I was shocked that I’d forgotten about this event. And then I remembered that I had been so tired that I had come home after seeing my chiropractor and running errands and eaten lunch followed by a nap. I had a late afternoon tutoring session scheduled with one of my private students, it had been raining really hard and I knew I’d be driving in bad weather plus would need to have my energy up for the tutoring session. I had taken care of myself by slowing down and resting before going out to tutor a student.
The shock for me was that I’d forgotten about the event altogether. I had instead focused on what I needed at the time.
These are the final weeks of fall quarter at the academic institution at which I coordinate and serve as a consultant in the writing center. My days have been filled with one appointment after another, emails in which students ask questions about how to schedule an appointment, or what to do when they can’t find a time to schedule an appointment because the calendar is full.
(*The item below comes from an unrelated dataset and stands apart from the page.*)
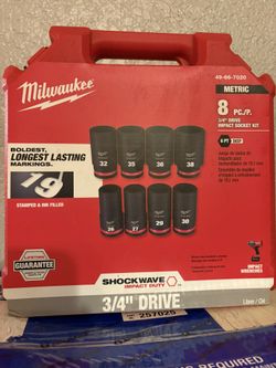 Milwaukee SHOCKWAVE 3/4 in. Drive Metric Deep Well 6 Point Impact Socket Set (8-Piece)$100Glendora, CA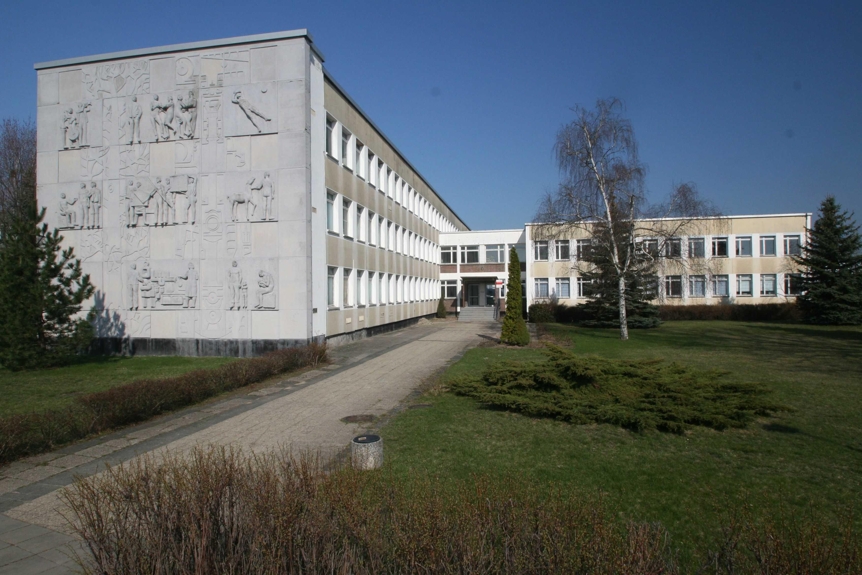 Wandgestaltung, Relief, Beton, 1970, südliche Schmalseite des Hauptgebäudes mit Betonreliefplatten in sechs verschiedenen

Their anxiety is high. They want to finish their papers and assignments. Sometimes, they have hit roadblocks in their writing and feel that they don’t know where to go next. Or, they have forgotten what they planned to write about or why they had chosen a particular topic in the first place.
I am there to answer their questions about logistics. I am there to guide them back to that original spark that sent them down the path of writing the paper. I am there to ask them questions which push their thinking. I am there to both suggest and teach them strategies for drafting, revising, proofreading, brainstorming and citing sources.
I enjoy working with students on their writing dilemmas, exploring their questions, asking them to tell me more about what they would like to convey in their written work. I enjoy teaching, which is what I get to do in a one-on-one format in the writing center. And I get to celebrate students’ successes with them when they feel they have conveyed what they truly want to in the best way possible with clarity.
I am fortunate that I enjoy the meetings and workshops that make up my work. And the bonus is that I learn about the ideas and concepts that students care about in the fields that they are currently scholars and practitioners in. I learn how their work will positively impact our collective future. And that is indeed a blessing.
All of this work that I so enjoy takes a lot of energy, focus and attention on others. I have been meditating for over 40 years and this is one of the practices that has provided me with the focus and presence that is needed both for my work and for my survival in this world.
I see how crucial my meditation practice has been and continues to be for my survival. I also see how forgetting about an awards ceremony and instead taking a nap was crucial to my well being and survival. My writer friends are no less dear to my heart and I will continue to support them, but I needed to put myself first on that day. My shock is slowly turning to awe at the care I extended to myself when I needed it.